Por: pijamasurf - 12/30/2018

Los límites de la juventud han cambiado

Por mucho tiempo, la especie humana no hizo una gran diferencia entre la infancia y la madurez. En sociedades tan disímiles como los nómadas primitivos o el Londres de la Revolución Industrial, es posible encontrar testimonios de niños que participaron pronto en su vida de las actividades propias de la vida adulta, particularmente el trabajo físico y aun la actividad sexual. 

Así, la juventud fue un invento que poco a poco fue formándose y extendiéndose en la cultura humana, acaso con el propósito inconsciente de hacer más dócil ese tránsito entre una y otra etapa de la vida.
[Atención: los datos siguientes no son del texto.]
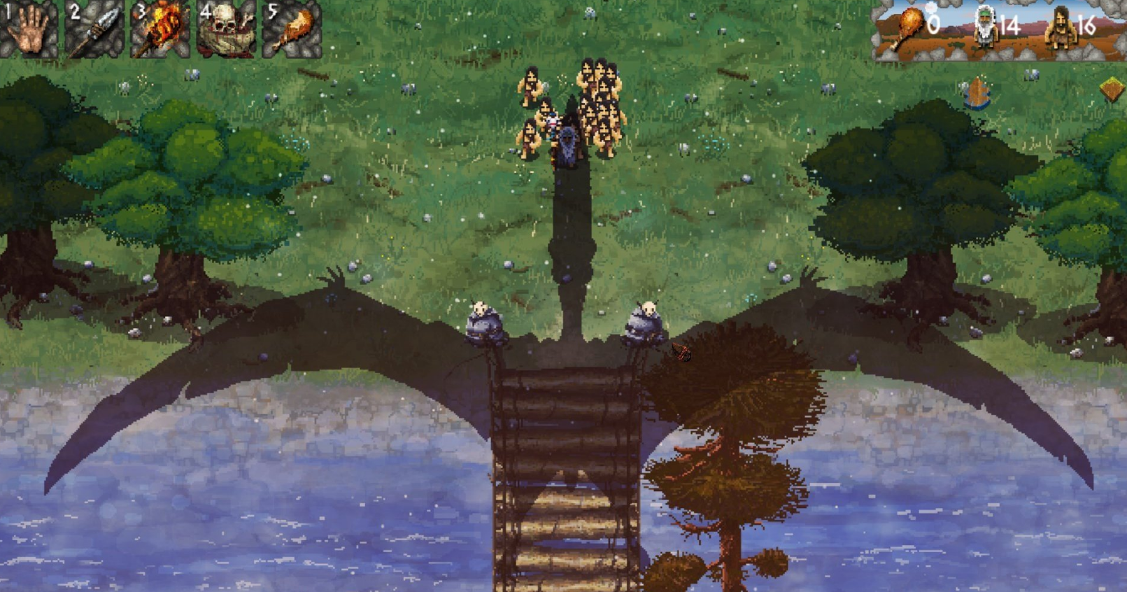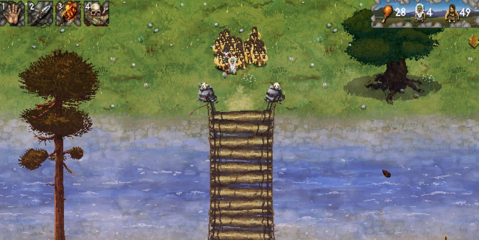 在遷移途中更是要持續(xù)去采集食物、獵殺動物,并合理分配資源維持人口增長,當(dāng)食物匱乏時甚至可能犧牲部分成員以確保整體存續(xù),每次游戲的路線均為動態(tài)生成,增加了超多的不確定性,玩家得實時適應(yīng)地形變化,遇到湖泊或河流時需搭建橋梁調(diào)整站位,面對猛獸則要運用技能捕獵。

La idea del "adolescente incomprendido", tan popular en las últimas décadas del siglo XX pero presente también en varios otros momentos de la historia, obedece a ese carácter intermedio que tiene la juventud: el joven se siente ajeno a sí mismo porque socialmente ya no es considerado el niño a quien se debe cuidar pero, por otro lado, tampoco es el adulto que tiene un lugar asegurado en el orden social. 

A esto cabe agregar, por supuesto, el fin del período de latencia de la sexualidad, que marca el regreso de la fuerza libidinial que fue reprimida en la infancia, el desarrollo de los llamados caracteres sexuales secundarios y, en general, el redescubrimiento de las necesidades sexuales. No por casualidad a los jóvenes se les ha mirado también como dueños de una energía vasta pero desconocida y por ello mismo incontrolable.

En suma, la biología y la cultura contribuyen a hacer de la adolescencia una etapa confusa, particularmente por el hecho de no tener un lugar claro en el paso de la infancia a la edad adulta.

Mucho de esto se mantiene, sin duda, pero también está cambiando. Para nadie es un secreto que en nuestra época la juventud parece extenderse cada vez más, a límites incluso un tanto irrisorios. Apenas en la generación anterior o aun la previa a ésta, una persona de 30 años difícilmente podía ser considerada "joven" y, más bien, se le miraba como asentada ya en la madurez de la vida, probablemente en la etapa más fértil de ésta. Hoy en día, hay personas de 30 años que en ciertos aspectos no difieren mucho de un joven de 15 o de 20, pues socialmente se ha generado una zona de tolerancia hacia las conductas derivadas de la edad ganada con el tiempo.

Prueba de ello es un estudio publicado en la revista académica The Lancet Child & Adolescent Health, según el cual la adolescencia va ahora de los 10 a los 24 años de vida de una persona. Ambos extremos llaman la atención: por un lado, la juventud empieza mucho más temprano que antes y por otro, como decíamos, su fin se marca lejos de lo que estábamos habituados a considerar. El estudio en cuestión fue realizado por investigadores australianos, entre otros, Susan Sawyer, directora del Centro para la Salud Adolescente del Royal Children's Hospital de Melbourne. 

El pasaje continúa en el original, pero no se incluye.